WE'VE MOVED!


As part of our big, new redesign of the Alliance for Justice website, the Justice Watch blog has moved. To be sure you're getting all the latest news about the fight for a fairer America, visit us at www.afj.org/blog

Wednesday, September 6, 2006

“Leave constitutions alone.”

The conservative blogosphere is in a tizzy. Sure, that's nothing new in and of itself, but this time their bile is directed at one of their own. In a Washington Post op-ed yesterday, Fourth Circuit Judge J. Harvie Wilkinson didn't toe the line, arguing that “constitutional bans on same-sex unions carry terrible costs.” Although Judge Wilkinson criticized some judges for starting the “rush to constitutionalize” this issue by recognizing a right to gay marriage in state constitutions, he noted that in most states judges were unlikely to recognize such a right. Thus, he maintained, constitutional amendments banning gay marriage – rather than ordinary legislation – needlessly worsen the damage to our constitutional tradition because they remove the debate from the realm of “normal democratic processes” and “strike[] a blow of uncommon harshness” on gay citizens.
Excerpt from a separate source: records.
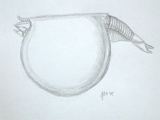 Branchiocaris spPhylum Arthropoda, Subphylum Crustacea, Class Malacostraca, Class Phyllocarida Geological Time: Middle Cambrian (~520 million years ago) Size (25.4 mm = 1 inch): Fossil is 75 mm long by 30 mm across and 78 mm long by 20 mm across on a 135 mm by 120 mm matrix Fossil Site: Wheeler Shale, Millard County, Utah Code: ND015 Price: $335.00 - sold |
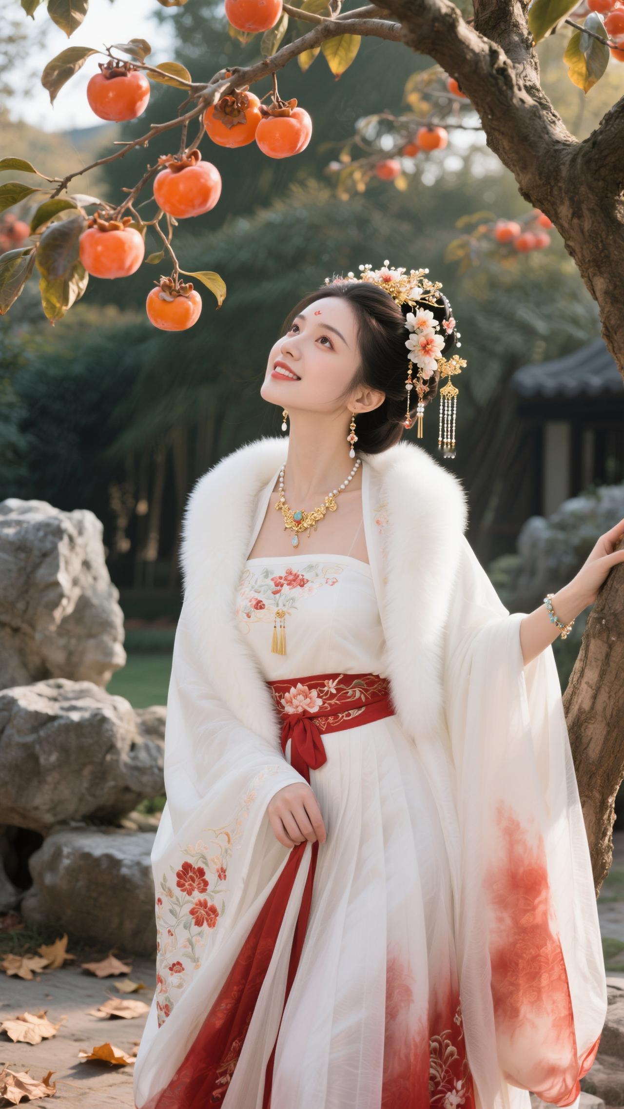 鹧鸪天·柿下惊秋 云鬓金钗缀玉柔,白裘香裹一痕羞。 霜阶石冷苔侵袖,秋柿红温指触柔。 花钿浅,坠珠流,枫痕沾袂意偏幽。 低眉笑捻风前叶,偷拾闲光入鬓头。
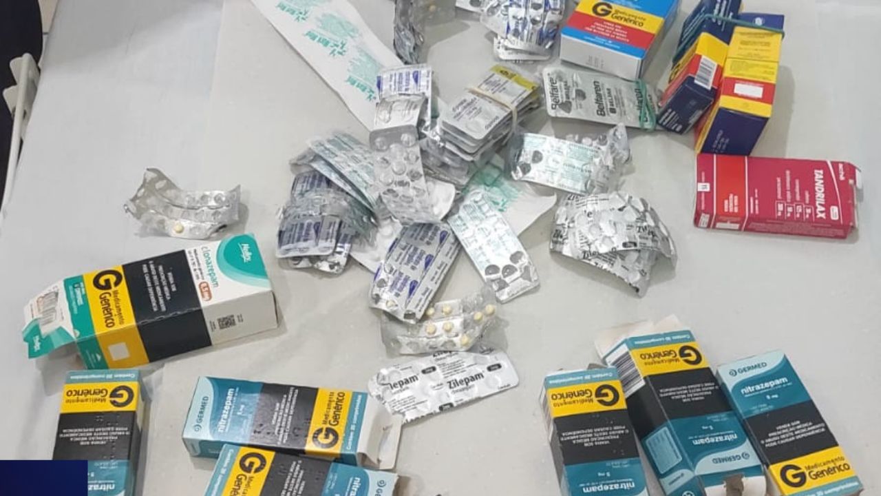 Durante o atendimento, foi localizada uma sacola contendo diversos medicamentos de tarja preta, possivelmente utilizados no momento.
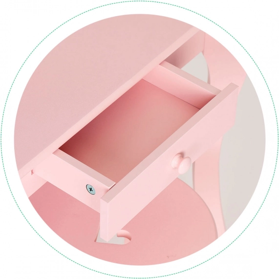 Questa incantevole toeletta rosa per piccole appassionate di bellezza crea nella cameretta un angolo tutto loro. L'ampio piano di lavoro e il cassetto per tesori, gioielli e accessori mantengono tutto ben organizzato e a portata di mano, mentre il grande specchio con dolce cuoricino dona fascino all'intero set.
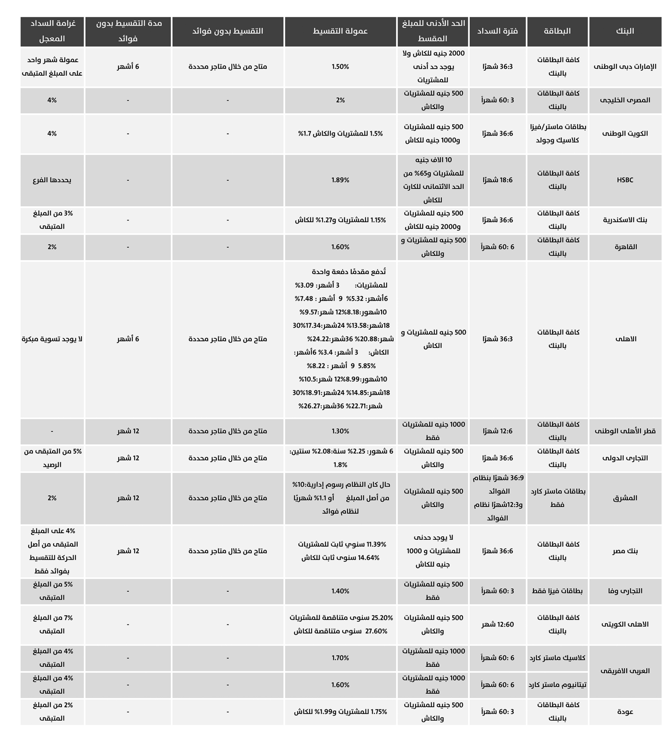 وأظهر مسح أجراه «بنوك وتمويل» تقديم 15 بنكاً خدمة التقسيط عبر الهاتف للمشتريات والسحب النقدى من خلال البطاقات الائتمانية لمدد تتراوح بين 3 و60 شهراً، بمعدلات عائد متباينة تختلف حسب المدة والمبلغ فى بعض البنوك. فى حين أن بنوك الإمارات دبى الوطنى، والأهلى، ومصر، والتجارى الدولى، وقطر الأهلى الوطنى، والمشرق، أتاحت خيار التقسيط دون فوائد لمدد بين 6 أشهر وعام من خلال عدد من المتاجر المتعاقدة معها.
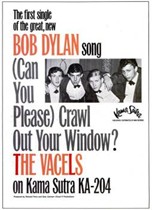 Jimi is early on it, but he is not the first. The New York band The Vacels were much earlier – remarkably even earlier than Dylan himself. Their single “Can You Please Crawl Out Your Window” b/w “I’m Just A Poor Boy” was released in September 1965 – three months before Dylan’s single came out in December.
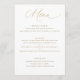 Einfache elegante Goldkalligrafie-Hochzeit Menükarte
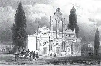 Podle nápisu vyrytého na ciferníku hodin byl chrám založen v roce 1587 Klimisem Chortatsisem. Architektura stavby je silně ovlivněna renesančním uměním, neboť kostel byl postaven v době, kdy byla Kréta kolonií Benátské republiky. V menší části průčelí kostela, tvořené čtvercovými bloky pravidelného cihlového zdiva, jsou hlavním prvkem čtyři dvojice korintských sloupů. Ačkoli je zde patrný klasický antický vliv, samotné sloupy, umístěné na vyvýšených podstavcích, jsou gotické a mezi každým párem sloupů se nachází oblouk. Dva oblouky na koncích průčelí podpírají dveře a kruhový otvor, který je po obvodu zdoben palmovými listy, oblouk uprostřed průčelí je prostý. Ve vyšší části fasády, nad sloupy, je řada lišt a eliptických otvorů, které jsou po obvodu rovněž zdobeny palmovými listy. Uprostřed jsou hodiny a na obou koncích gotické obelisky.
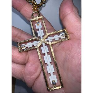 Gold Tone and‎ White Metal Large Modernist Cross Pendant Necklace
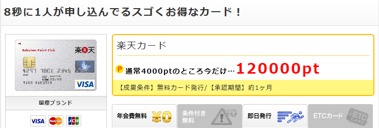 JUGEMテーマ:マイル、マイレージ 楽天カードは、カード利用額の1%が楽天スーパーポイントとして還元されます。 楽天スーパーポイントは、ネット市場最大級の楽天市場をはじめ、楽天ブックス、楽天トラベルなど、楽天グループのサービスで、1ポイント=1円として利用できます。 楽天カードの詳細は、ここからご覧下さい。 ○ポイントサイト【ポイントインカム】からの入会では、初めての入会で、これまでの最高である120、000のポイ ントインカムポイント(12、000円分)がもらえます。 &nb...
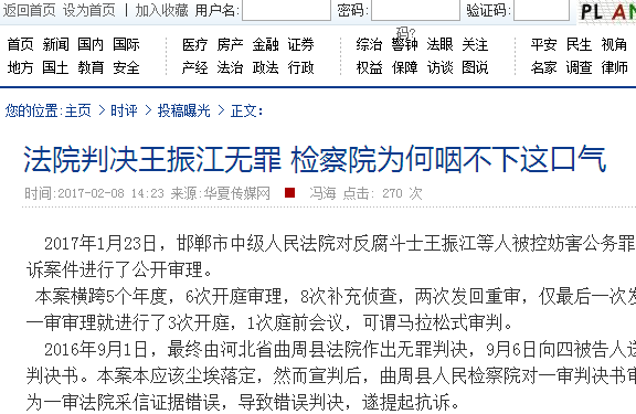 法院判决王振江无罪 检察院为何咽不下这口气
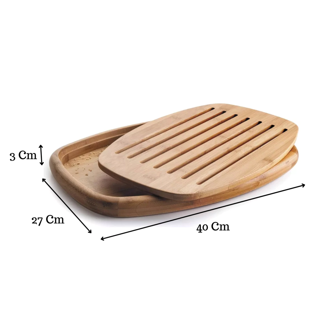 Fabricada en bambú, este material no solo es duradero, sino que también es una opción ecológica y libre de BPA, garantizando la seguridad en la preparación de tus alimentos. La tabla incluye una canaleta que recoge los restos de pan y migas, facilitando la limpieza y manteniendo tu área de trabajo ordenada.
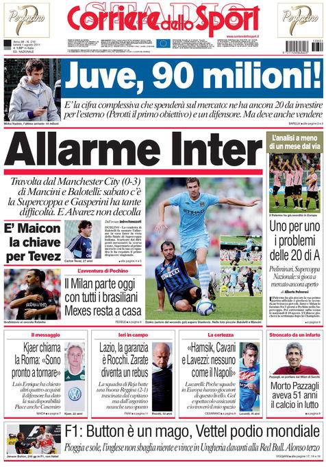 CORRIERE INTER – Sul Corriere dello Sport si parla dell’Inter che ha perso tre a zero in amichevole.
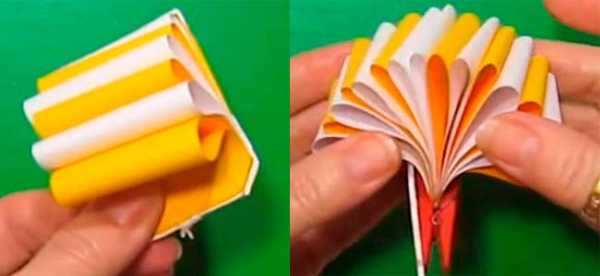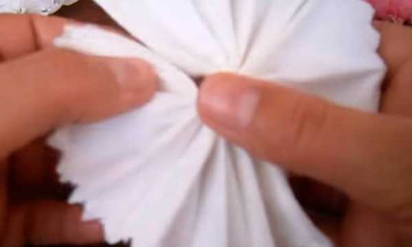- зафиксируйте «гармошку» в центре колечком. Если вместо кольца используется пуговица — закрепляете ниткой, а потом на это место приделайте пуговицу;
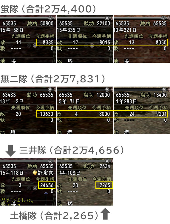 蛍・無二隊にはそれぞれ3人入れてますので、手柄合計はちょうど1万8,000位。うん、部隊としての目標に到達しそうです。
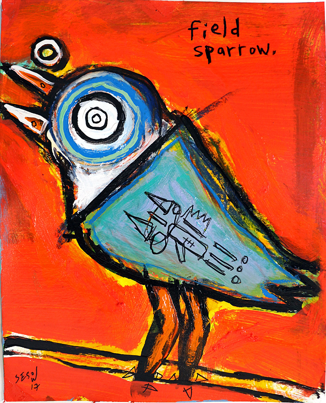 "Field Sparrow" acrylic on archival paper 8"x10" $70 email sesow@sesow.com to reserve/ask about purchasing. please include url and description. |
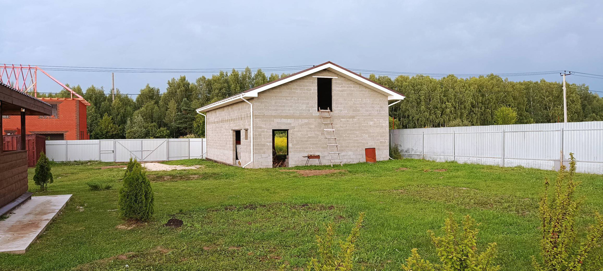 На территории так же имеется двух этажная постройка 280м2. Назначение гараж на два авто., остальная площадь свободного назначения,готовность 70%.

According to Judge Wilkinson, a conservative Reagan appointee formerly on President Bush's "short list" for the Supreme Court, “the more passionate an issue, the less justification there often is for constitutionalizing it,” because passionate views may not stand the test of time. So, on an issue like gay marriage, Judge Wilkinson says we should not shield the winning position today from second-guessing by tomorrow’s majority. In other words, when it comes to gay marriage bans: “Leave constitutions alone.”